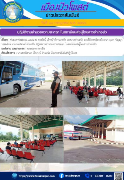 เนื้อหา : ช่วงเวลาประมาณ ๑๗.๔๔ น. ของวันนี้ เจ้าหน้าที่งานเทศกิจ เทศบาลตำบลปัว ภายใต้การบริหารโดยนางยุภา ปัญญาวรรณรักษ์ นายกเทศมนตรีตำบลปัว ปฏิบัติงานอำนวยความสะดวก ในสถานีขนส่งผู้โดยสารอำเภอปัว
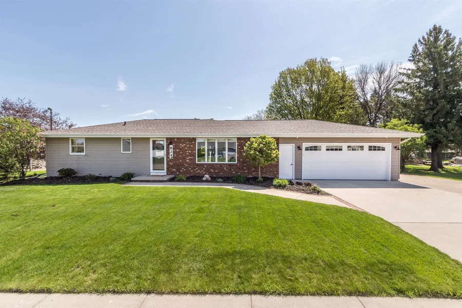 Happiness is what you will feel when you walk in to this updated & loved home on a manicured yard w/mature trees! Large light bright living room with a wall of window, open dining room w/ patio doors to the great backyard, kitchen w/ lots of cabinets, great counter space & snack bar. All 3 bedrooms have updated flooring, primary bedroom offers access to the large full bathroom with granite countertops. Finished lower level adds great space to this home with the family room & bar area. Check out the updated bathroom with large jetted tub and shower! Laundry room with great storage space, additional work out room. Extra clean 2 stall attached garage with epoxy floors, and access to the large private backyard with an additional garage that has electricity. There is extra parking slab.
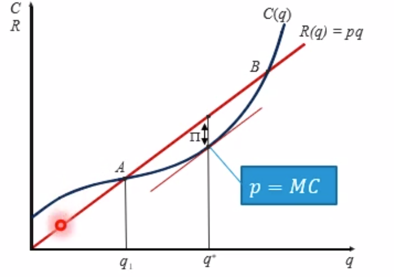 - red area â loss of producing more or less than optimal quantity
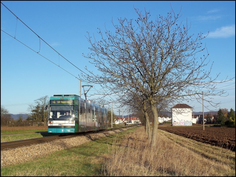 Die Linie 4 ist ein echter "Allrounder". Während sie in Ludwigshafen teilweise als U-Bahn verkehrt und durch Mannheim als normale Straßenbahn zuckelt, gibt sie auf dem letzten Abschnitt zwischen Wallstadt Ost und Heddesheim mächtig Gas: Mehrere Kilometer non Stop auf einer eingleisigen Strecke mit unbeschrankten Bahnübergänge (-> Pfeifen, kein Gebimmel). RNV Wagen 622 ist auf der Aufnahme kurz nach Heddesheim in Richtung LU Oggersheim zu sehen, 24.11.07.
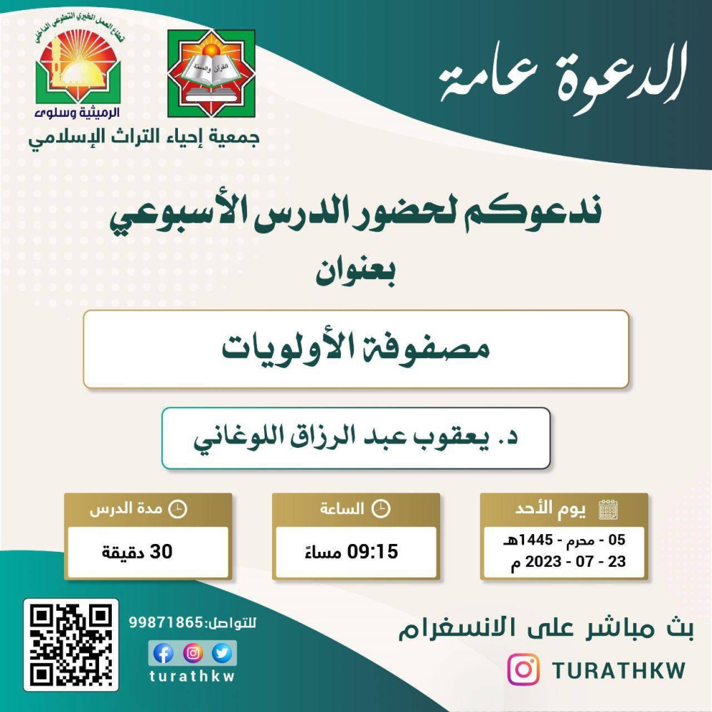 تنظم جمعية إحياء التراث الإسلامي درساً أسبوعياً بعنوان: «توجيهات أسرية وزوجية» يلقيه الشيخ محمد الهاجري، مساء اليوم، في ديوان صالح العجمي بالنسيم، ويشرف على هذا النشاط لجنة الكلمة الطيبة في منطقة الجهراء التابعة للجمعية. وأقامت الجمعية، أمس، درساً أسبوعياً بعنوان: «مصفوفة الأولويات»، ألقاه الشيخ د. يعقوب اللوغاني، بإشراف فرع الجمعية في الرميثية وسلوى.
_ _ _ _
Required action >> Write down exactly the lines running from the line with "Die Linie 4" through the end of the material, both ends included, and none of the pictures.

Expected output >>
 Die Linie 4 ist ein echter "Allrounder". Während sie in Ludwigshafen teilweise als U-Bahn verkehrt und durch Mannheim als normale Straßenbahn zuckelt, gibt sie auf dem letzten Abschnitt zwischen Wallstadt Ost und Heddesheim mächtig Gas: Mehrere Kilometer non Stop auf einer eingleisigen Strecke mit unbeschrankten Bahnübergänge (-> Pfeifen, kein Gebimmel). RNV Wagen 622 ist auf der Aufnahme kurz nach Heddesheim in Richtung LU Oggersheim zu sehen, 24.11.07.
 تنظم جمعية إحياء التراث الإسلامي درساً أسبوعياً بعنوان: «توجيهات أسرية وزوجية» يلقيه الشيخ محمد الهاجري، مساء اليوم، في ديوان صالح العجمي بالنسيم، ويشرف على هذا النشاط لجنة الكلمة الطيبة في منطقة الجهراء التابعة للجمعية. وأقامت الجمعية، أمس، درساً أسبوعياً بعنوان: «مصفوفة الأولويات»، ألقاه الشيخ د. يعقوب اللوغاني، بإشراف فرع الجمعية في الرميثية وسلوى.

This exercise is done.